What the task asks
For the listing below, the answer is an exact retyping of the lines from the one with "Ürün Açıklaması:Takılıp çıkarılabilir" through the one with "바퀴, 23mm, 25mm, 및", both included, without pictures.

Data to process START

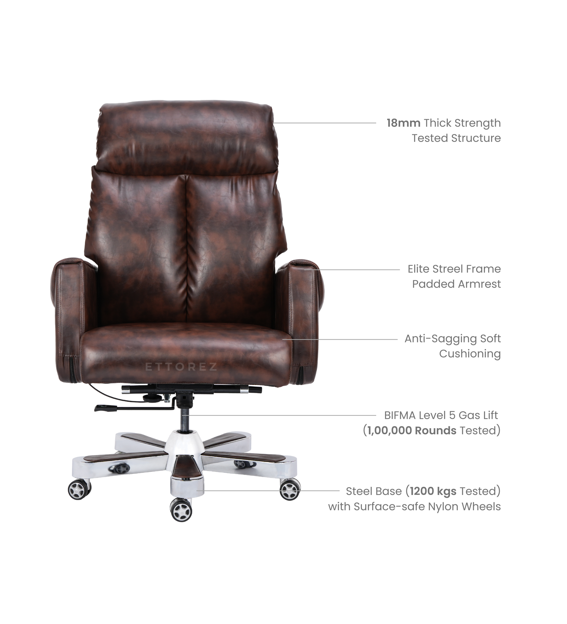 Ettorez Endeavour Brown High Back Leatherette Office Chair
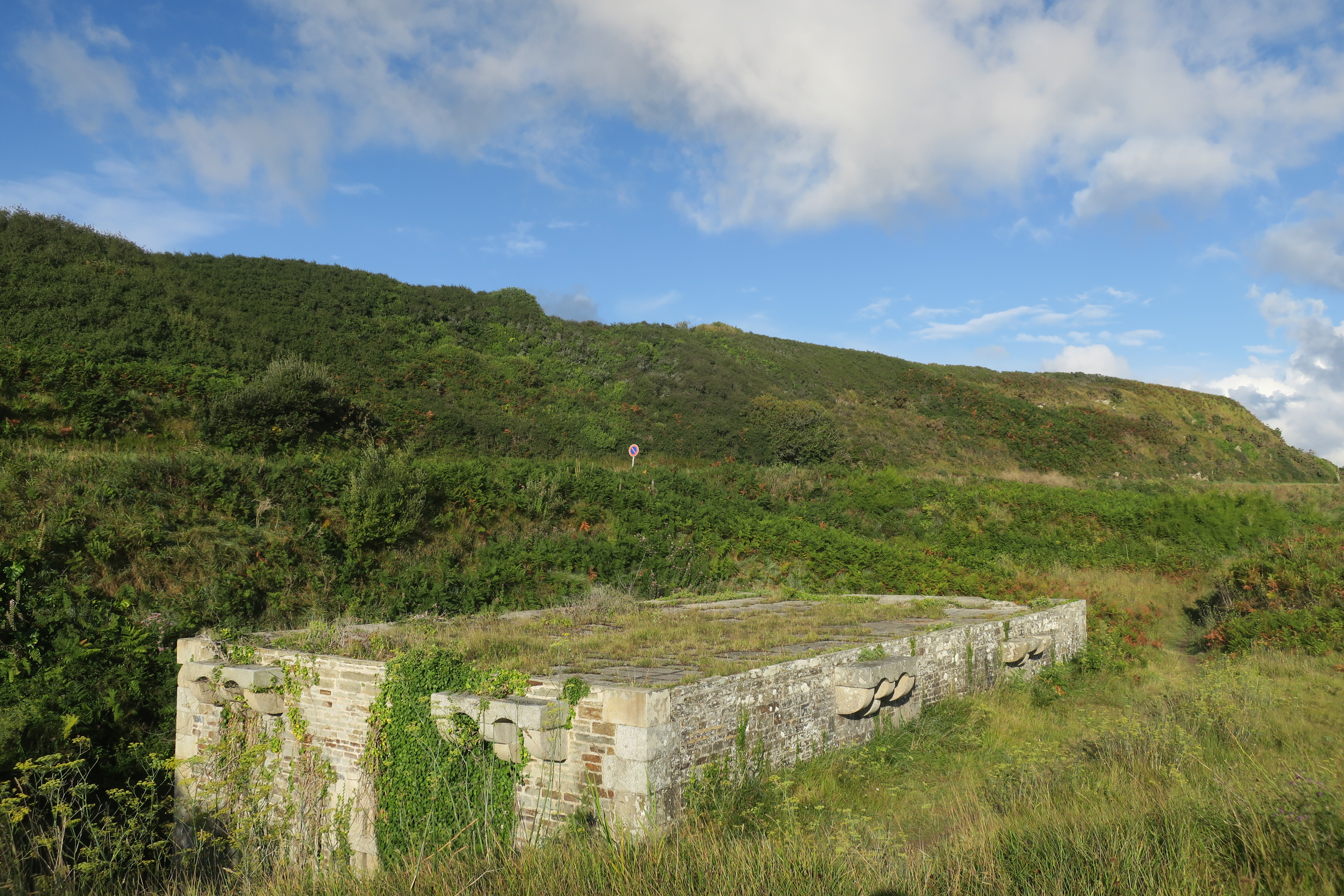 Locmaria, Grands Sables, batterie de La Ferrière, corps de garde crénelé, angle nord-est.Immatriculation
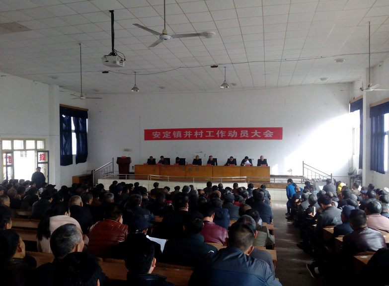 3月31日,安定镇召开并村工作动员大会。会议明确,通过村级区划调整减少11个村,合并成为33个建制村的工作任务,并成立了并村工作领导小组,制订了时间进度表。同时要求,各村和相关部门单位要严格遵守各项财经纪律和廉政建设的规定,坚决做好“十个不准”和“六个严禁”,切实做到令行禁止。
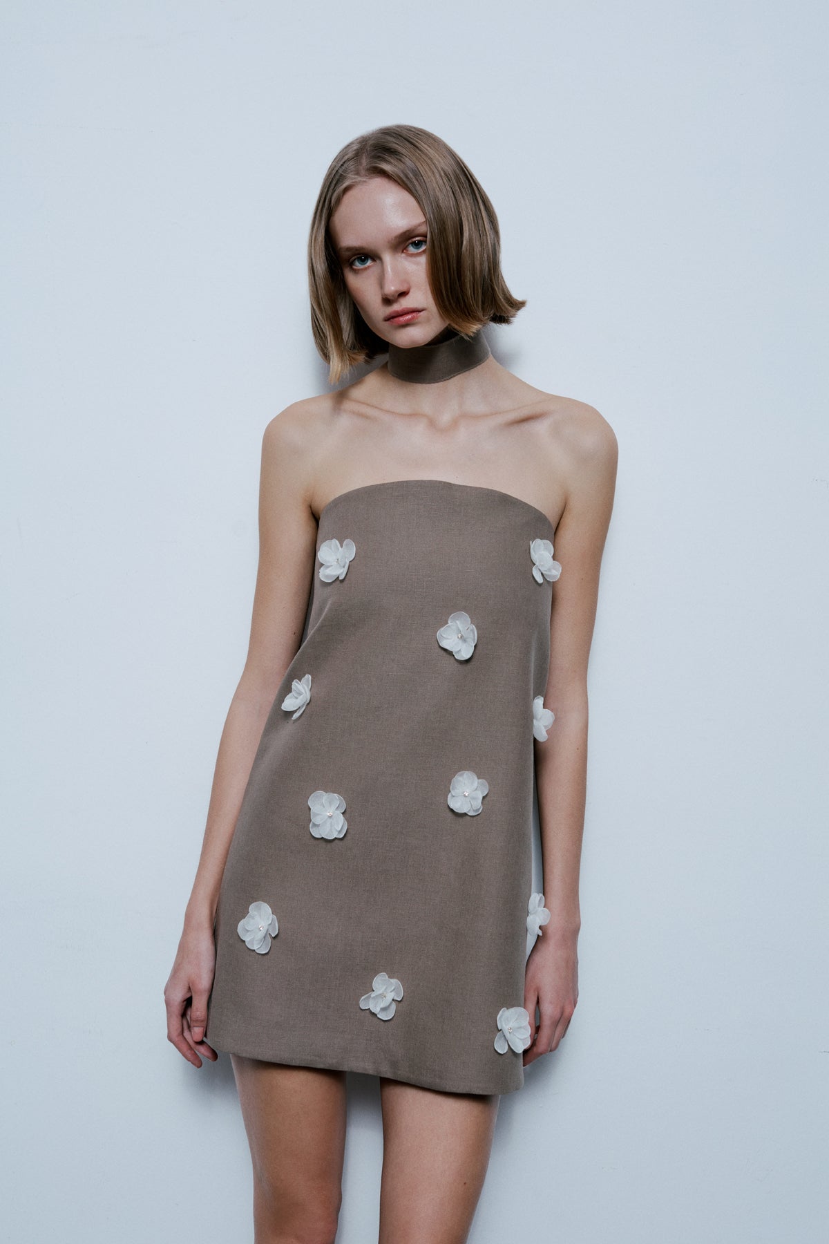 Ürün Açıklaması:Takılıp çıkarılabilir askılı, straplez, el işçiliği taşlı çiçekli aksesuar detaylı, sırt kısmı gizli fermuarlı 100% keten mini elbise Kumaş Bilgisi:%100 Linen Bakım Önerileri: Sadece kuru temizleme yapılabilir.
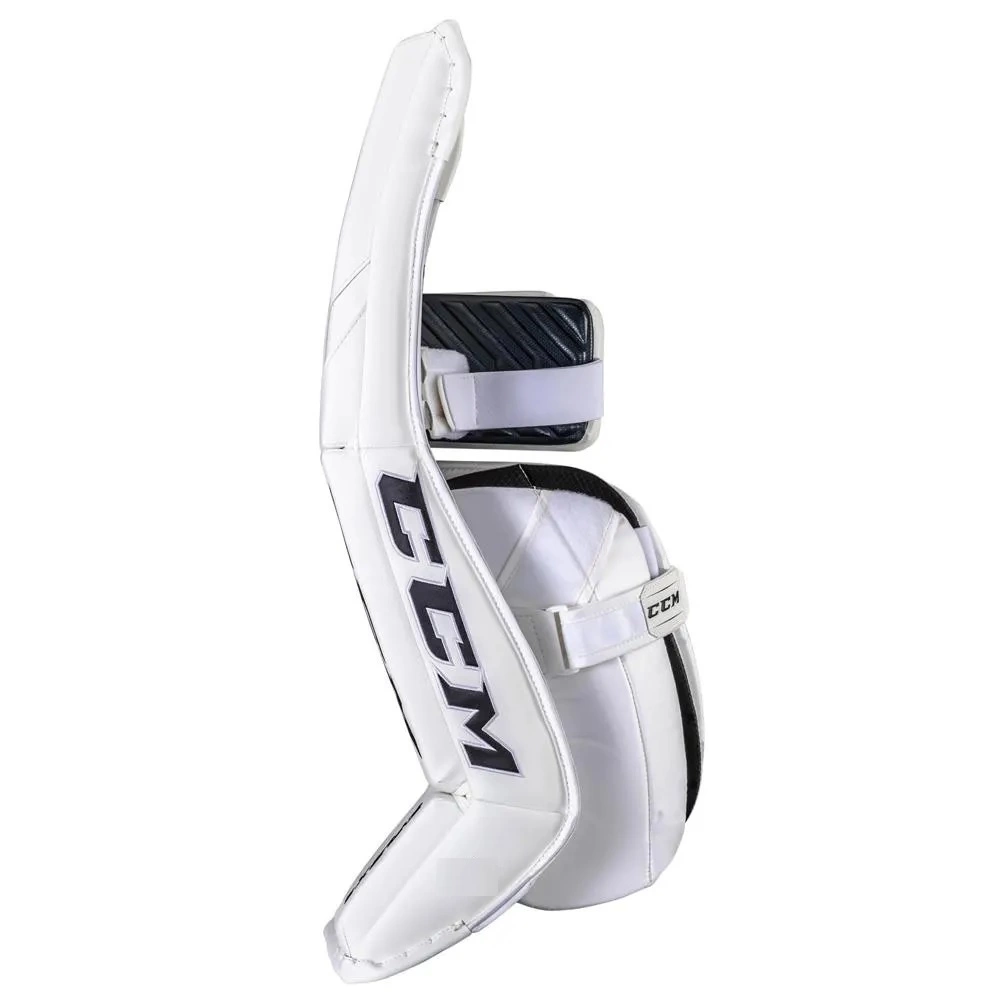 CCM has raised the inside edge with a Dual Density molded construction to create a better seal with the ice for more efficient cross-crease movements. Further back to the leg channel, an all new leg channel design adds more durability and design option through the middle of the pad. Returning for the strapping is CCM’s Quick Motion strap that promotes a responsive connection between the goaltender and their pad that can be adjusted quickly. The QMS sits on the outside of the leg channel and goes through a loop on the opposite side to pull back and get a secure fit.
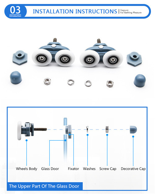 바퀴, 23mm, 25mm, 및 27mm를 미끄러지기의 직경의 3개의 선택권이 있습니다. 4-6mm 간격 유리 문을 위해 적당할 수 있다 그래야. 2명의 패널 측 오프닝 문, 4pcs 위로 신청된 세트 당 8pcs가 및 4pcs를 아래로 있습니다. 그러나 세트 당 4pcs는 또한 단 하나 미끄러지는 샤워 문을 위해, 한 벌 판매될 수 있습니다.
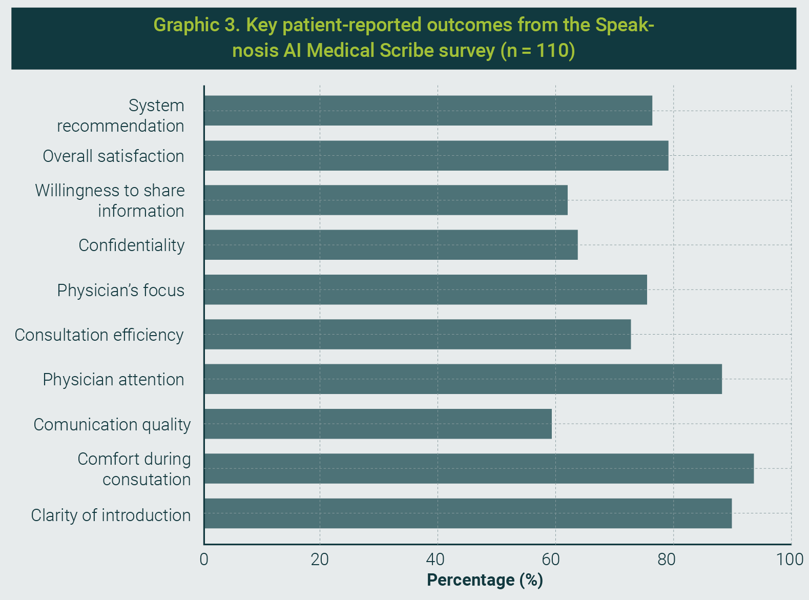 Patient satisfaction with the AI-powered scribe was evaluated using a structured survey that encompassed the key dimensions of the clinical experience.
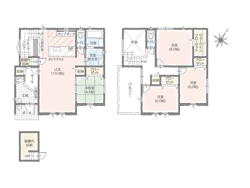 | 延床面積 | 1号棟:118.00㎡(35.68坪)、2号棟:112.61㎡(34.06坪) |
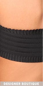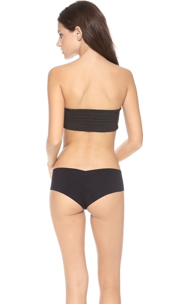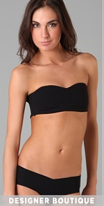 This jersey bandeau features a sweetheart neckline and a ruffled elastic back panel. Boning at sides. Covered elastic banding at top and bottom hems. Lined at front.
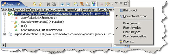 您也可以通过 Search 窗口隐藏良好的特性来过滤这些结果。如果您访问 Search 窗口菜单(在右上角,最小化和最大化按钮的旁边),您可以找到泛型感知的过滤选项。
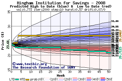 The high to date and low to date prices of the stock plotted against a random walk model for 2008 (what's this?).

Data to process END

Worked solution
 Ürün Açıklaması:Takılıp çıkarılabilir askılı, straplez, el işçiliği taşlı çiçekli aksesuar detaylı, sırt kısmı gizli fermuarlı 100% keten mini elbise Kumaş Bilgisi:%100 Linen Bakım Önerileri: Sadece kuru temizleme yapılabilir.
 CCM has raised the inside edge with a Dual Density molded construction to create a better seal with the ice for more efficient cross-crease movements. Further back to the leg channel, an all new leg channel design adds more durability and design option through the middle of the pad. Returning for the strapping is CCM’s Quick Motion strap that promotes a responsive connection between the goaltender and their pad that can be adjusted quickly. The QMS sits on the outside of the leg channel and goes through a loop on the opposite side to pull back and get a secure fit.
 바퀴, 23mm, 25mm, 및 27mm를 미끄러지기의 직경의 3개의 선택권이 있습니다. 4-6mm 간격 유리 문을 위해 적당할 수 있다 그래야. 2명의 패널 측 오프닝 문, 4pcs 위로 신청된 세트 당 8pcs가 및 4pcs를 아래로 있습니다. 그러나 세트 당 4pcs는 또한 단 하나 미끄러지는 샤워 문을 위해, 한 벌 판매될 수 있습니다.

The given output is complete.